Another possible cause is that the user's http request is rewritten and not just forwarded. (You don't want the server to rewrite the user's requests.) For debugging, put the following in a text file and name it gethost.php

<?php print $_SERVER['HTTP_HOST'] . $_SERVER['REQUEST_URI'];

Upload gethost.php to the /cms directory and run it with your browser using different requests to see if they all remain unchanged (this is what you want).

http://www.kudria.com/cms/gethost.php
http://www.kudria.com/cms/voitures/gethost.php
http://voitures.kudria.com/gethost.php

In all cases, the script should give you the same url that you requested.

If the request http://voitures.kudria.com/gethost.php gives you www.kudria.com/cms/gethost.php then there has been a server rewrite and Drupal won't know that you wanted voitures.kudria.com. In that case, the way in which the subdomain was created by your host was not right. But if the request remained unchanged then the problem is with your Drupal "/sites" setup.

dalek’s picture

/cms *should* be lower case. That said,

http://www.kudria.com/cms/gethost.php and http://voitures.kudria.com/gethost.php produced the right output (I added the string to the front so I knew it was the output I expected):

Path to this file: www.kudria.com/cms/gethost.php
Path to this file: voitures.kudria.com/gethost.php

Respectively. But http://www.kudria.com/cms/voitures/gethost.php resulted in a page not found. You can check them all since they are reachable right now. I am clueless why that happened, I did have its directory, voitures.kudria.com created inside /cms per instructions.

cog.rusty’s picture

Ok, http://www.kudria.com/cms/voitures/gethost.php gave you a "page not found" because there is no symlink or anything there and it was interpreted as:

http://www.kudria.com/cms/index.php?q=voitures/gethost.php

and of course Drupal didn't find such a page.
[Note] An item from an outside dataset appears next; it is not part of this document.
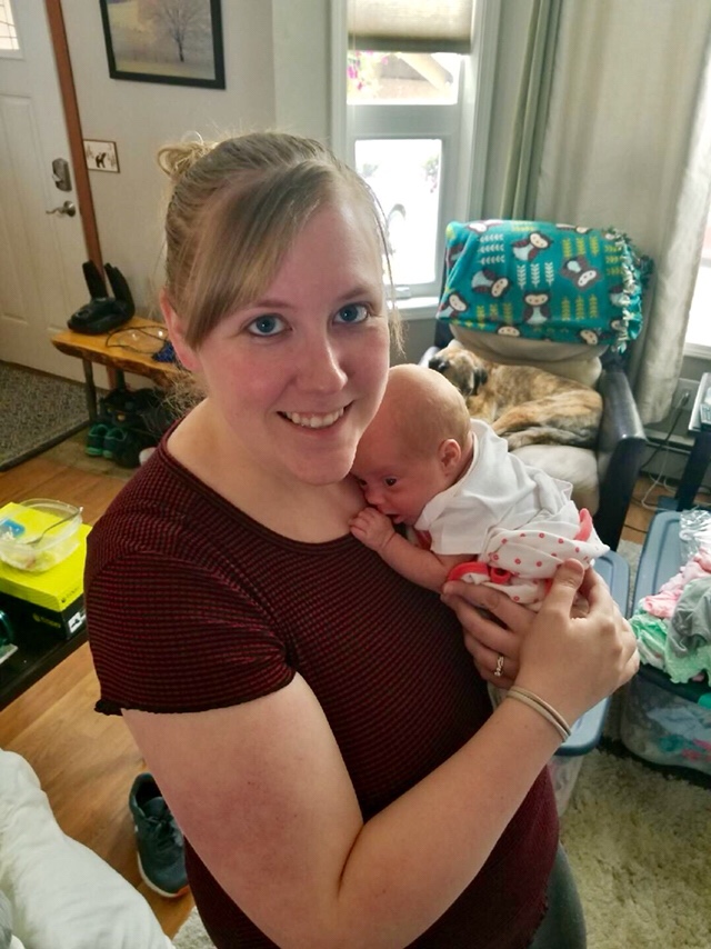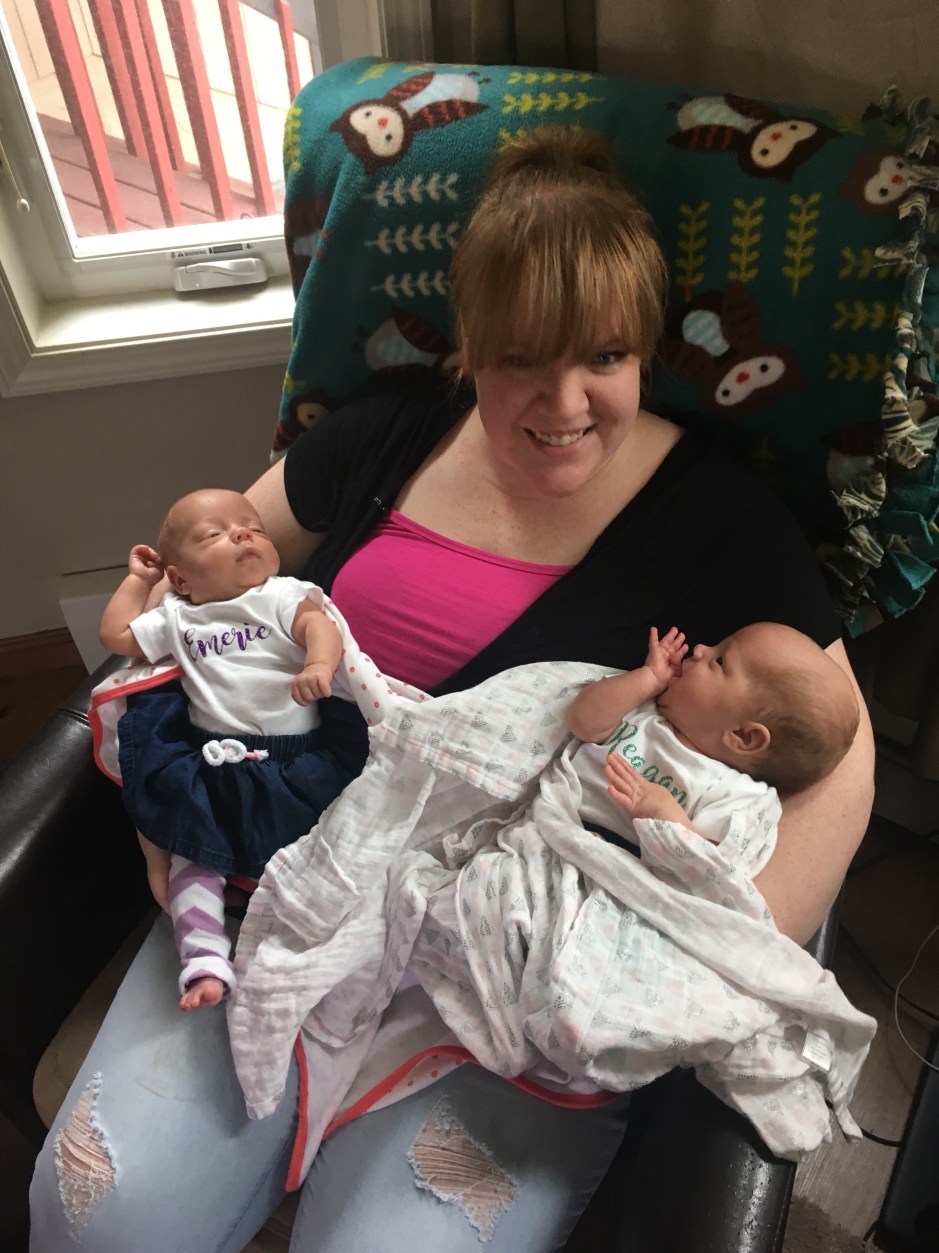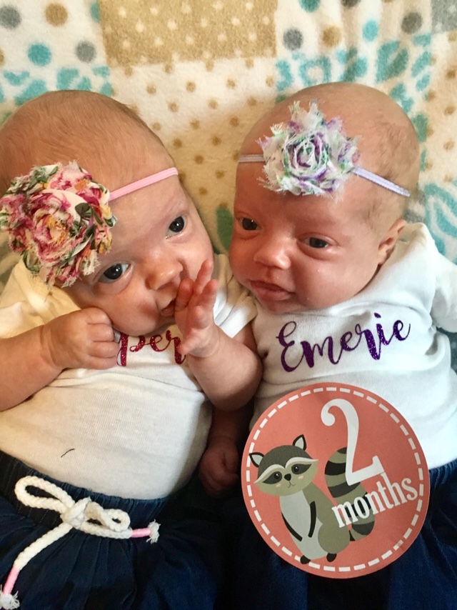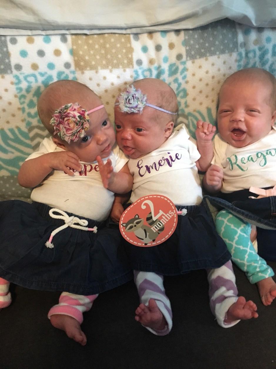 Today marks two months old for the girls. It’s been a trying day, with Emerie pretty fussy and staying awake! We dressed the girls in matching outfits for a quick photo op that Emerie did not appreciate but Reagan and Harper didn’t seem to mind. And the rest of the day was spent at home, with a visit from cousin Tyler and Aunt Janelle, so we were able to get a few things done around the house and fold some laundry while they visited. The girls are almost asleep, so we are off to bed (nap?) before the next feed.

But this should not matter -- you don't want to use that long path anyway. What matters is that the other two work and the server setup is ok:

http://www.kudria.com/cms
http://voitures.kudria.com

Now, for Drupal to recognize these two sites you just need two settings directories containing the respective settings.php files with their database string.

/cms/sites/kudria.com.cms
/cms/sites/voitures.kudria.com

dalek’s picture

The way I have it setup is

/cms/sites/default
/cms/sites/voitures.kudria.com

since kudria.com is the default site. I would think that would do my bidding but I may be wrong. I also told each configuration file to look for its own database. So, worst case scenario (with voitures) would be IMHO that it would be annoyed with the database and bark at me. But instead it is going (defaulting?) to the default site. Is that an expected behaviour when it goes boink?

cog.rusty’s picture

Going to /sites/default is the default behavior if no good match with the user's request is found. This is documented.

Generally I avoid using 'default' and I always take care to have a matching directory name. I just leave 'default' alone -- less surprises and easier for updates.

But this is really unexpected when Drupal does receive the request for voitures.kudria.com intact and a /sites/voitures.kudria.com settings directory does exist. I can't explain it.

cog.rusty’s picture

I noticed another strange thing with your setup.

- www.kudria.com/cms/node works with clean urls
- voitures.kudria.com/node does not work with clean urls (it gives a server error), and you need to type voitures.kudria.com/?q=node.

If both sites accessed the same database, then the "clean URLs" setting should be the same for both but it is not... Was the other database an exact backup of the first one?

Maybe there is something in your .htaccess which confuses the second site? Is it unmodified?

I also noticed that you have been using an old Drupal version (4.7.2).